I already ran away for something that was outside. I didn't want to run away from something, inside me. I drank some water before starting. I sighed but the guy kept giving me heads-up.

I offered him a small smile, rubbing my hands, I said, "It all started this year itself. My own fairytale. I finally found my saviour. My prince. My escape. My everything." I smiled remembering the good memories.

He kept giving me an assuring look. Like he was there to listen to me. To my sob story. He was there for me. I told him about how I dreamt of having my own fairytale and I found one. My own castle of happiness and love. My kingdom of strength.

A sweet façade to the ephemeral.

I told him about how I mistook the witches as the fairies. About how, I was ditched by the one, who promised me unfulfilled promises and dreamy nightmares. About how, I still can't think of him as the villain of my story.

I continued, controlling a sob, "But you know what hurts the most? When you give your hundred percent to the person you adored, you loved faithfully and that person brushes it aside. Evan did the same. He left me in predicament. Called me a sore loser while I was trying my fullest to win his heart.
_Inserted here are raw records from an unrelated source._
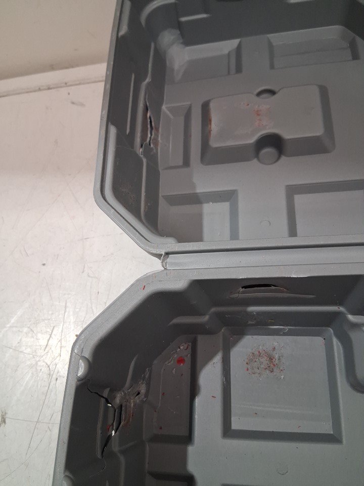 carrying case has a few small cracks in it, item itself has a few shipping scuffs but still functions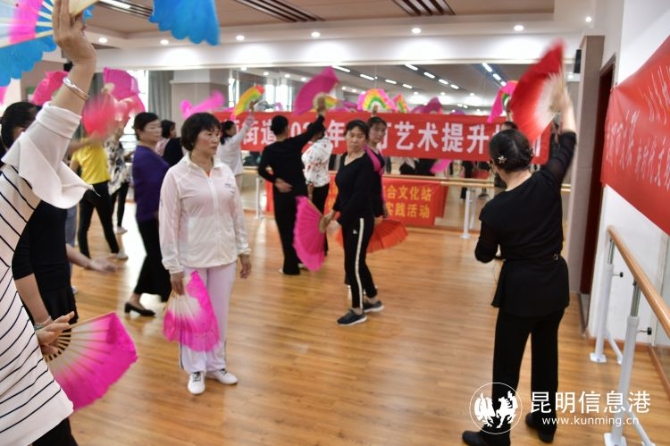 花灯剧是云南群众喜闻乐见的民间歌舞小戏,花灯演出的踪迹可追溯到数百年前。在另一边的花灯歌舞培训现场,学员与艺术家随乐起舞,一把把挥舞的握扇构成了一幅古色古香的画面。艺术家多次亲身示范,认真教授舞步要领,纠正唱腔发音。在耐心指导下,学员们逐渐掌握技巧、跟上步伐,在现场生动演绎了云南花灯剧《十大姐》和云南花灯演唱《买得头巾心欢畅》。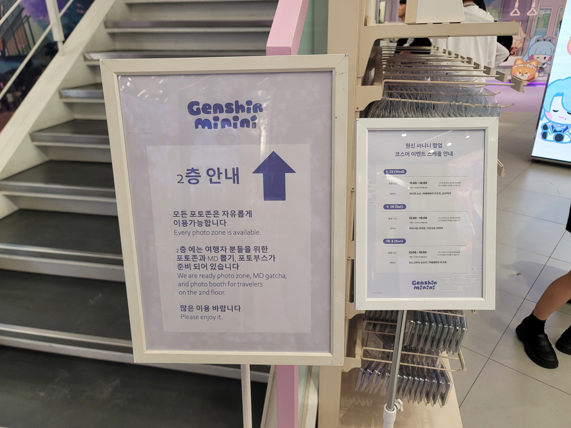 2층(3층?)에는 원신 뽑기 기계가 있는데 애가 동전 밖에 안되고 주변에 동전 교환기가 없으니 500원 짜리 동전을 구비해야 되네요. (계산대에서 교환되는지는 확인 못 함)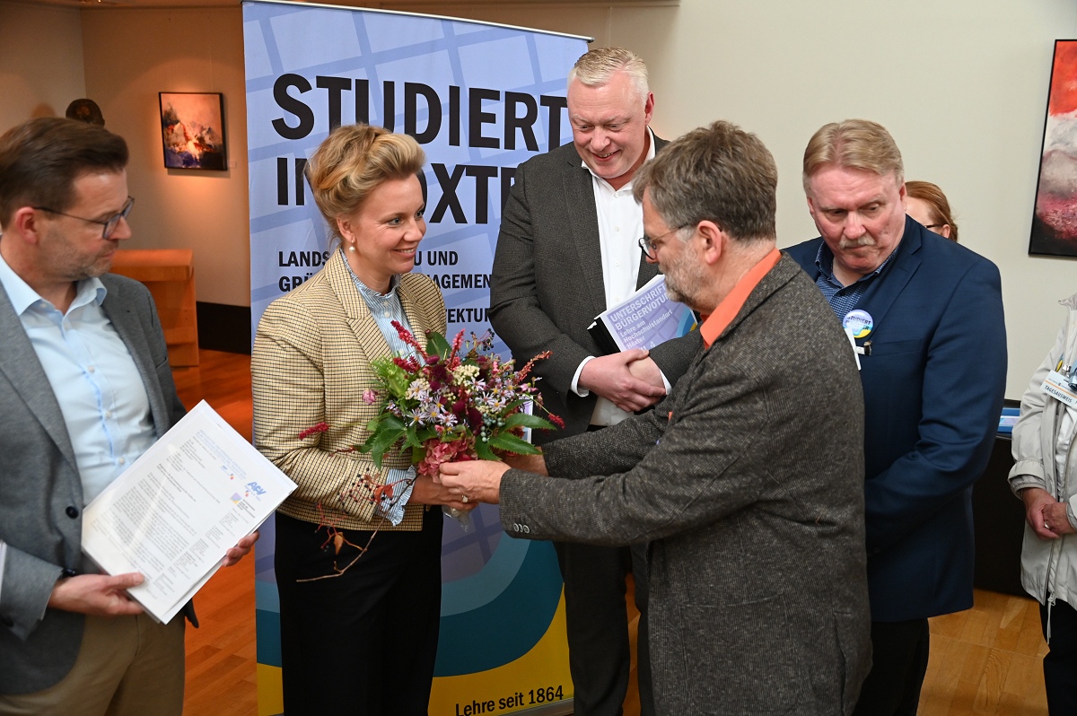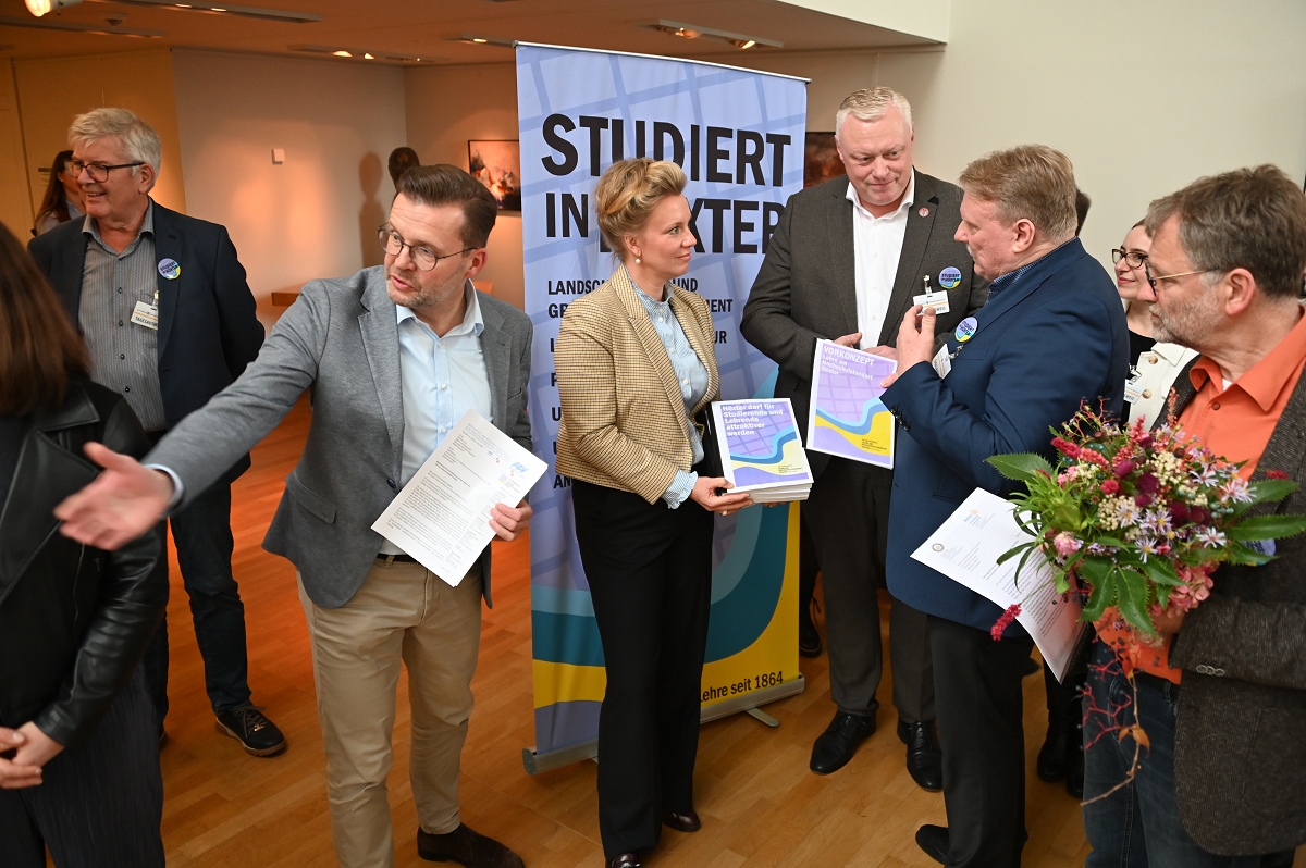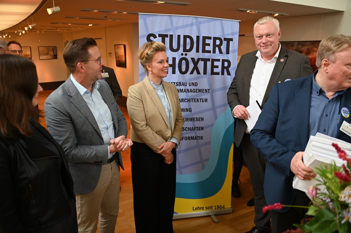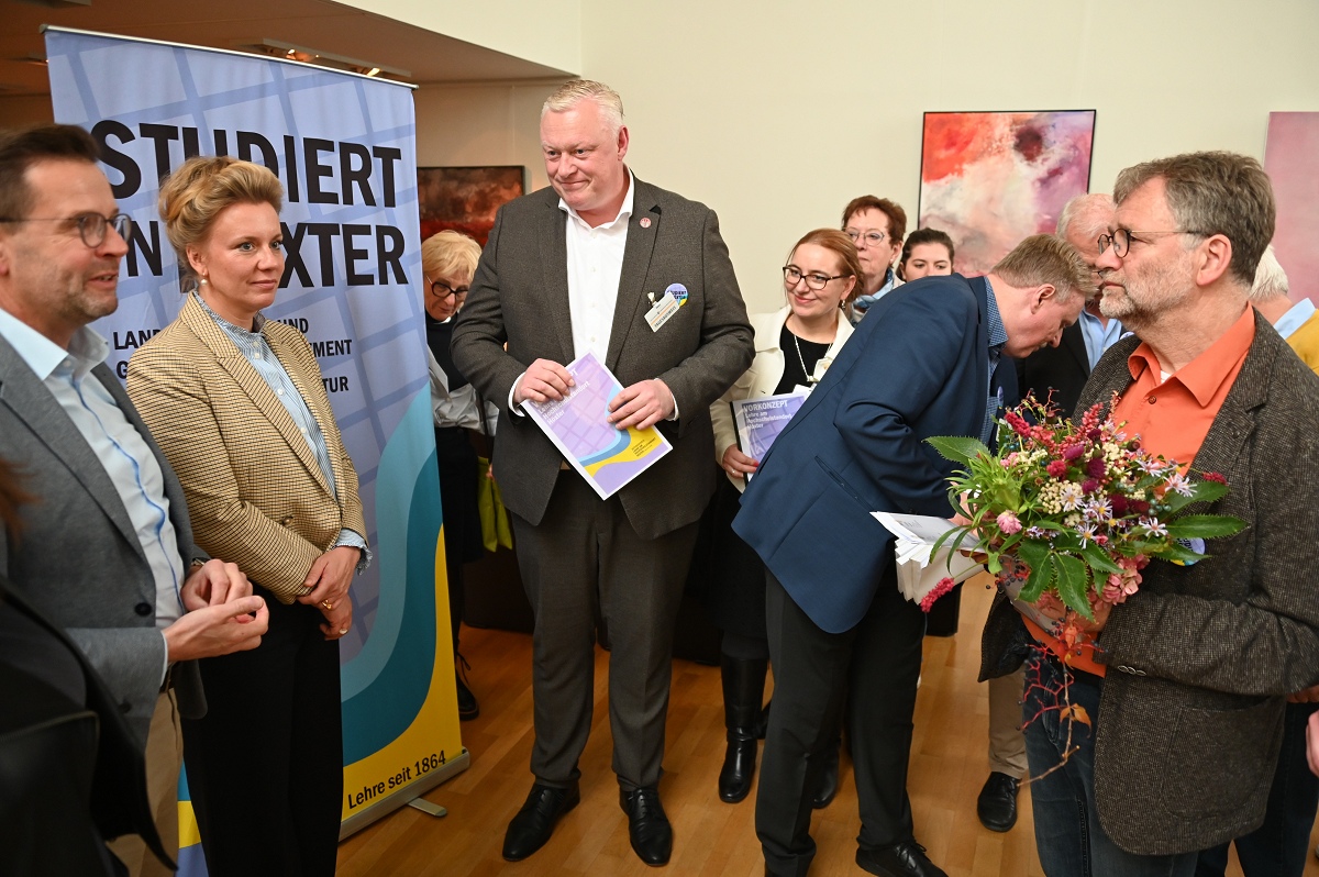 Aber damit nicht genug: Konstruktiv setzte sich der Aktionskreis Lehre am Hochschulstandort Höxter in den zurückliegenden Monaten auch mit der in der „Campus Corvey-Studie“ aufgetauchten Kritik an der Attraktivität des Standortes für Studierende und Lehrende auseinander. Allen Akteuren ist dabei bewusst, dass die vielen Vorteile und attraktiven Infrastrukturen, die Höxter schon heute bietet, intensiver beworben werden müssen. Unterstützt von Landrat Michael Stickeln und Bürgermeister Daniel Hartmann wurden in Ergänzung dazu erste Maßnahmen erörtert oder angeschoben, die als „weiche Faktoren“ das Studium in Höxter noch attraktiver machen sollen. Die Maßnahmenvorschläge reichen von einem internationalen Begegnungszentrum, in dem Studierende auch feiern können, über Kleingartenparzellen für Studierende bis hin zur Vermittlung günstigen Wohnraums, Aushilfsjobs zur Teilfinanzierung des Studiums oder „Biotop-Patenschaften“. Das ist aber ein längerer Prozess, an dem künftig Studierende, Hochschule, Stadtgesellschaft und Politik an einem Strang ziehen müssen, so Bürgermeister Hartmann und AFV-Sprecher Köhne. Mit den überreichten Unterlagen wollen die Initiatoren vor allem die Landespolitik dabei unterstützen, die Umweltstudiengänge am Campus Höxter dauerhaft zu gewährleisten und zukunftsfähig zu organisieren. Zudem appellieren sie an die Landesregierung, die Umzugspläne der TH OWL nicht durch eine Finanzierung erforderlicher Gebäudesanierungen oder Neubauten in Detmold oder Lemgo zu unterstützen, während ein viel beachteter, voll funktionstüchtiger großer Campus in Höxter zur Geisterstadt degradiert würde. Die NRW Wissenschaftsministerin Ina Brandes bekräftigte am Schluss der Übergabe, dass ihr Ministerium auch weiterhin die Erhaltung des Hochschulstandortes Höxter, einschließlich stattfindender Lehre, unterstütze und von der TH OWL einfordere. Sie zeigte sich zudem sehr zuversichtlich, dass dies auch gelingen wird.

So naive that I didn't even see his heart, trapped in the shackles of someone else's vivacity."

The stranger, who now was known to all my weaknesses, held my hand, looked into my eyes and said those words, with his calming voice. So many had tried, but his words, strikingly familiar, brought those heavenly shades in the dusk of my sky.

"You don't have to give in your hundred percent in a relationship. You know why? Because the other one has the responsibility to fill in some percents too. And when you give in everything, the other one finds nothing to offer."